Exact copy, no pictures: return all the data below as written.

* _Data block_:
'''
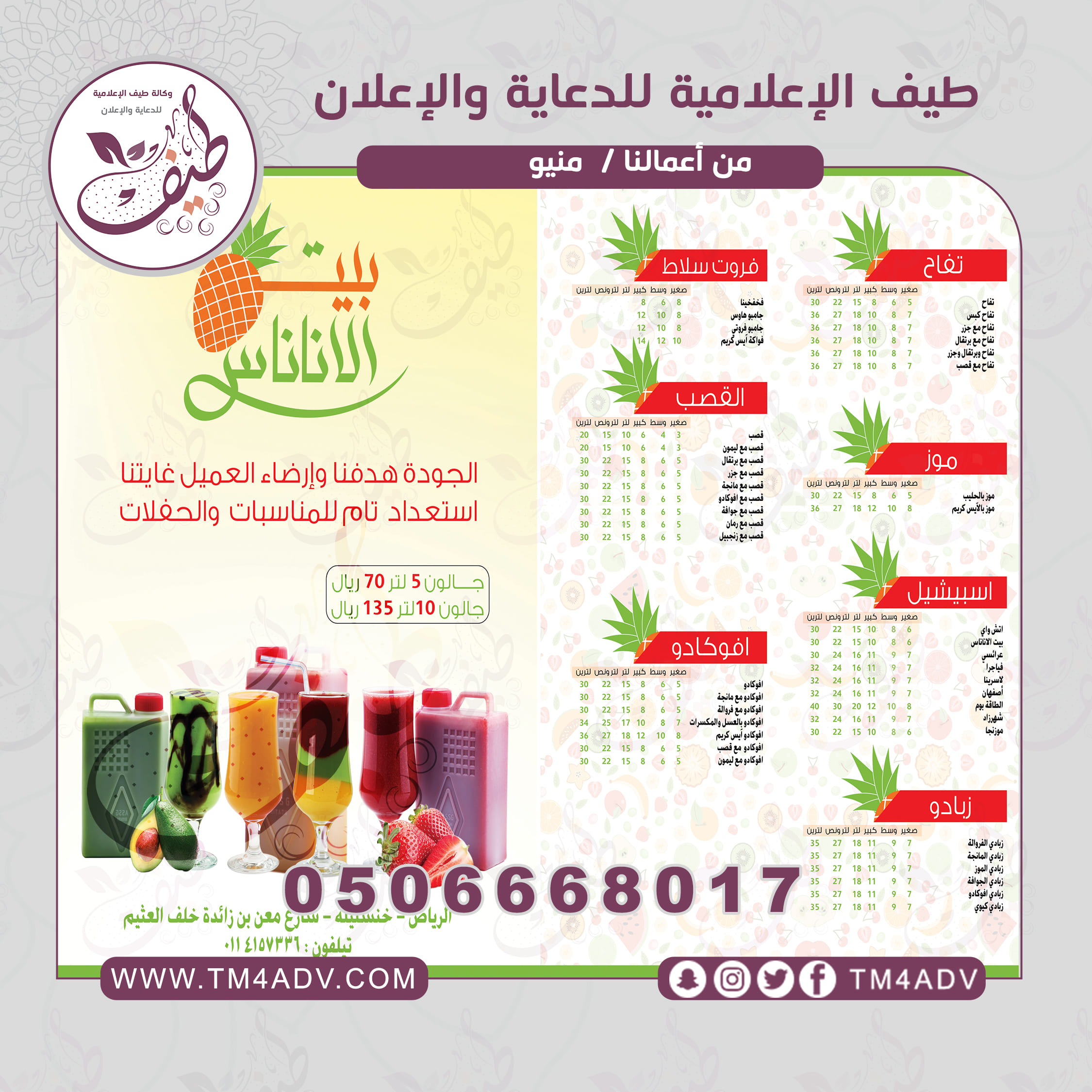 منيو بيت الاناناس
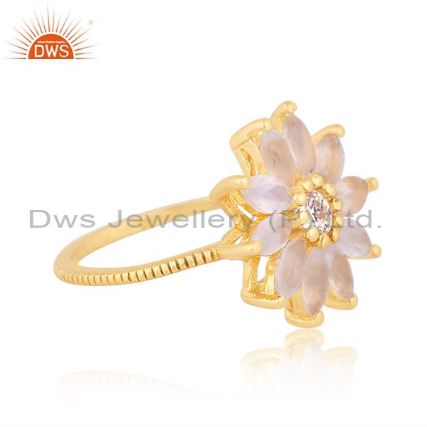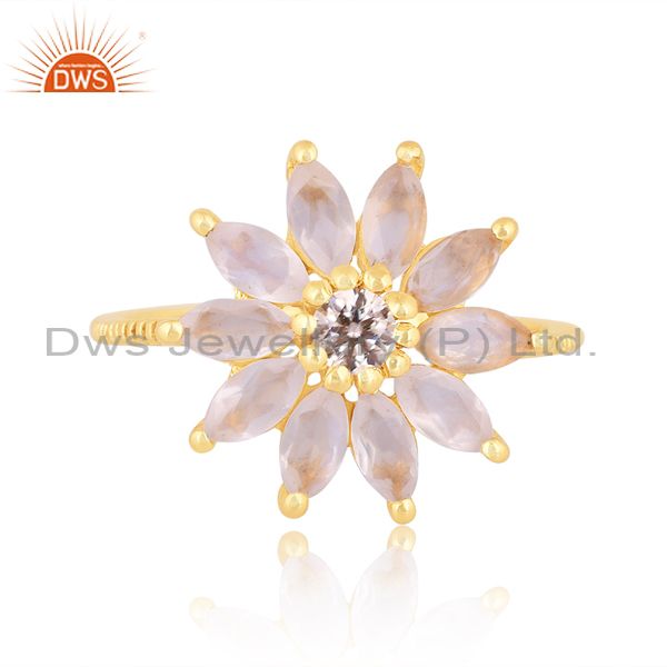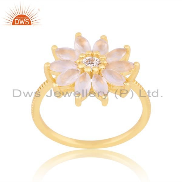 Moissanite & Rainbow Moonstone Combined Gold Ring
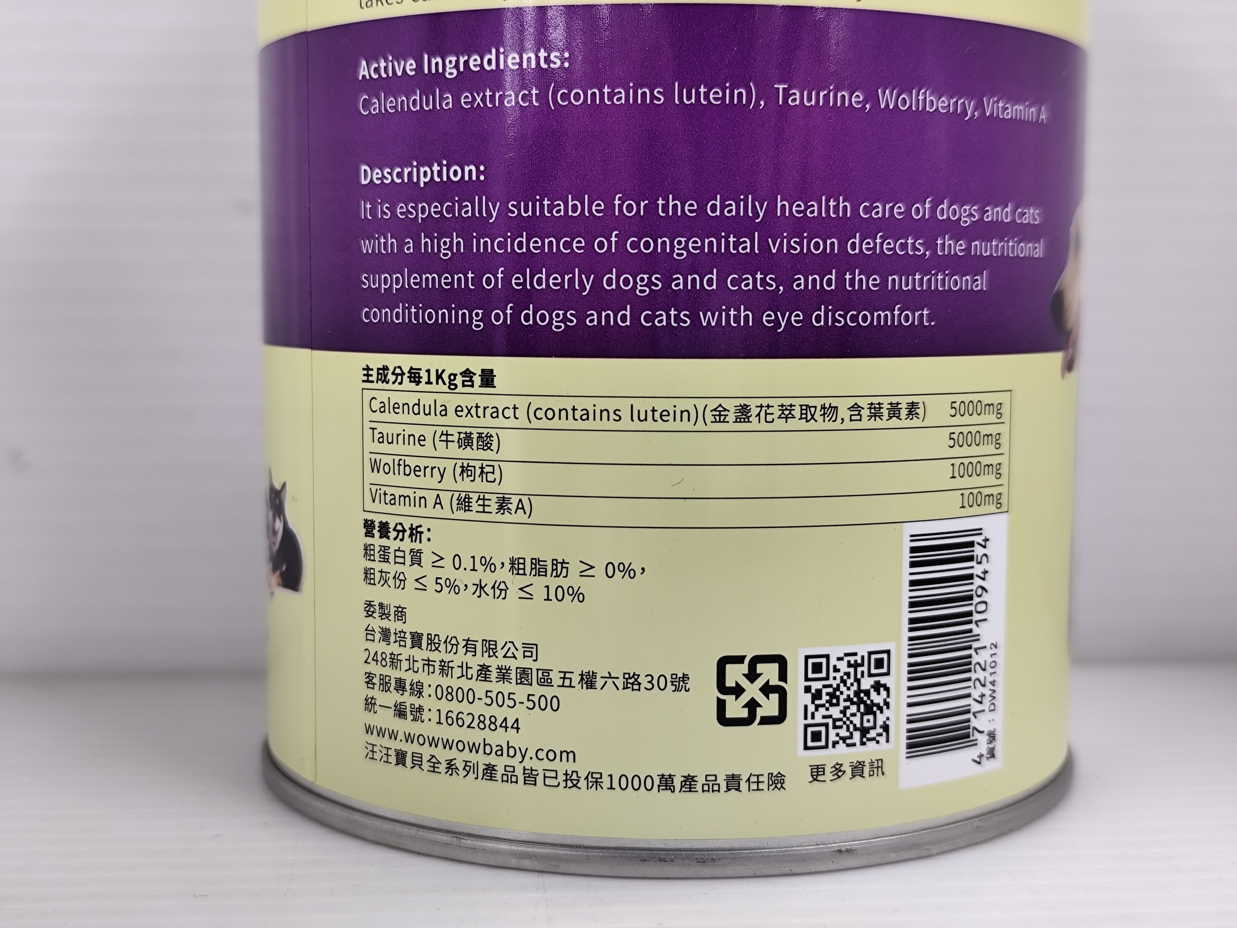 wow wow baby 汪汪寶貝 350g 含金盞花萃取物(含葉黃素)、牛磺酸、枸杞、維生素A, 眼睛晶亮、視力保健, 1罐
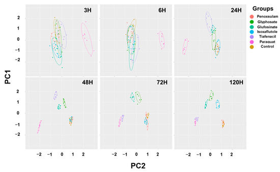 PCA results of six spectral parameters of crabgrass observed at 3, 6, 24, 48, 72, and 120 h after herbicide treatment with different modes of action. Each symbol represents a replication.
'''
* _Written solution_:
 منيو بيت الاناناس
 Moissanite & Rainbow Moonstone Combined Gold Ring
 wow wow baby 汪汪寶貝 350g 含金盞花萃取物(含葉黃素)、牛磺酸、枸杞、維生素A, 眼睛晶亮、視力保健, 1罐
 PCA results of six spectral parameters of crabgrass observed at 3, 6, 24, 48, 72, and 120 h after herbicide treatment with different modes of action. Each symbol represents a replication.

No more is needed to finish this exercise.